Bawa Sabu 8,3 Kg, Kurir Narkoba Ditembak Mati

Katakabar.com - Polisi menyita 8,3 kilogram sabu-sabu di Kota Medan dan Tanjung Balai, Sumut. Dua orang kurir yang membawa narkotika itu disergap, seorang di antaranya ditembak mati.

Kapolda Sumut, Irjen Pol Martuani Sormin mengatakan, kedua tersangka disergap setelah Direktorat Reserse Narkoba Polda Sumut menerima informasi mengenai adanya pengiriman sabu-sabu dari Kota Tanjung Balai ke Medan pada Jumat (9/10).

Petugas kemudian mengidentifikasi mobil Honda Accord biru dengan nomor polisi BK 1103 QJ yang diduga digunakan pelaku dalam pengiriman sabu-sabu itu. Sekitar pukul 23.15 WIB, kendaraan yang dikendarai Aswan alias Aseng itu dihentikan di Jalan Sisingamangaraja, Medan.

Aswan kemudian diinterogasi.

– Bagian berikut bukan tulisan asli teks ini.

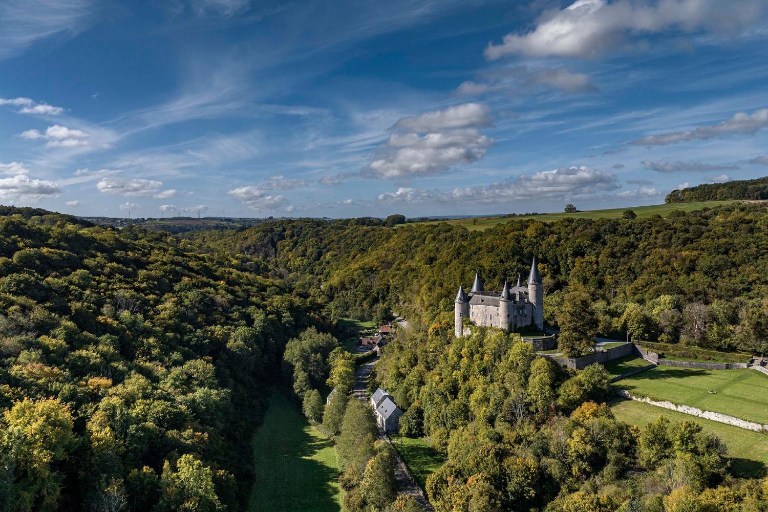 Hoog boven Celles ligt het Kasteel van Vêves, een plek met een lange geschiedenis én een aanbod dat verschillende doelgroepen aanspreekt. De geschiedenis van het kasteel gaat terug tot de zevende eeuw. Het silhouet dat U vandaag ziet, is vooral gevormd in de vijftiende eeuw en later aangepast tijdens de renaissance en onder Lodewijk XV. De onregelmatige driehoekige vorm, met vier grote torens en twee kleinere, maakt het geheel meteen herkenbaar en nodigt uit om op ontdekking te gaan.

Warga Desa Pahang Kecamatan Datuk Bandar Kota Tanjung Balai ini mengaku sabu-sabu yang dibawanya sudah berpindah tangan. Narkotika itu telah diambil Masirwan alias Iwan yang mengendarai sepeda motor Honda Beat. Masirwan pun dikejar hingga ke Jalan AH Nasution, Medan.

"Tim merespons melakukan kejar-kejaran, tapi tersangka tidak mau berhenti, bahkan melakukan perlawanan, dengan pistol berpeluru tajam. Kita duga buatan Rusia, bukan rakitan, tapi pabrikan," kata Martuani di RS Bhayangkara Medan, Senin (12/10).

Karena Masirwan melakukan perlawanan dan membahayakan keselamatan, kata Martuani, petugas melakukan tindakan tegas. Pria itu ditembak.

Masirwan yang terluka langsung dilarikan ke rumah sakit. Namun dia tak mampu bertahan. "Dalam perjalanan meninggal dunia," sambungnya.

Polisi mendapati 7 kilogram sabu-sabu dari tangan Masirwan. Mereka kemudian melakukan pengembangan dengan menggeledah kediaman Aswan di Kota Tanjung Balai dan menemukan 1,3 kilogram sabu-sabu.

Martuani memastikan pihaknya akan terus memburu para pelaku peredaran narkoba di Sumut. Dia berharap masyarakat membantu mempersempit ruang gerak pengedar.